I believe that no one can truly understand another’s plight until she witnesses the situation first-hand, putting the circumstances of the other into perspective, and affecting her emo-tionally. Seeing through another’s eyes can make one appreciate the seemingly insignificant as-pects of life.
All my life, I have taken the small luxuries in life for granted such as being able to buy whatever I wanted at the grocery store, or having a car to ride in and a roof over my head. I have seen people on the streets begging for money with “Will work for food” signs; I categorized them as “homeless” and unconsciously accepted the negative stereotypes that generally go with this label. For example, I had a fear of homeless people and never gave money to them thinking that they could always find a job. In addition, I assumed that the “needy” people with the signs had adequate money since they were wearing fairly nice clothing and shoes.
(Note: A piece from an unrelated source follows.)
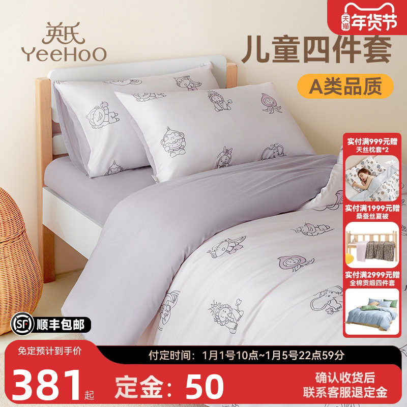 英氏儿童天丝棉四件套床品磨毛水洗被套床上用品件套床单云梦奇境

One day while standing in a check-out line in the grocery store, however, my entire mind set toward the homeless changed. Waiting for the cashier to ring-up two hundred dollars worth of items that I had helped my mom pick out, an impoverished-looking man in the express line caught my eye. With mud crusted on his face and tattered clothing hanging loosely on his body, the man handed over a Safeway gift card to the cashier as if he was giving up his most prized possession. He was using this to pay for his meager basket of generic items. He then asked if he had enough money to buy another Gatorade with the leftover balance of $1.15. Watching the man, I felt guilty for being so unappreciative of my ability to purchase groceries without a second thought. He had a look of hunger upon his face. This stranger pulled at my heart-strings and showed me that I should be grateful for even the tiniest blessings.
After leaving the grocery store, I couldn’t get the man out of my thoughts. I kept wishing that I could go back in time and give him some money. I realized that he could have been one of the many homeless people that I had previously rushed by on the streets, ignoring their pleas for money and food. I always thought I understood the homeless, but my comprehension of the lives they live and the trials they must go through everyday to survive was distorted.
After seeing the man in Safeway, I began to treasure every trip to the grocery store, with his image always lurking in the back of my head. Buying food was no longer a boring errand, but rather a privilege. I gained new respect for those on the streets and never again assumed that I already knew their stories. I never would have guessed that an underprivileged man could give me a new-found appreciation for everything I already had in life.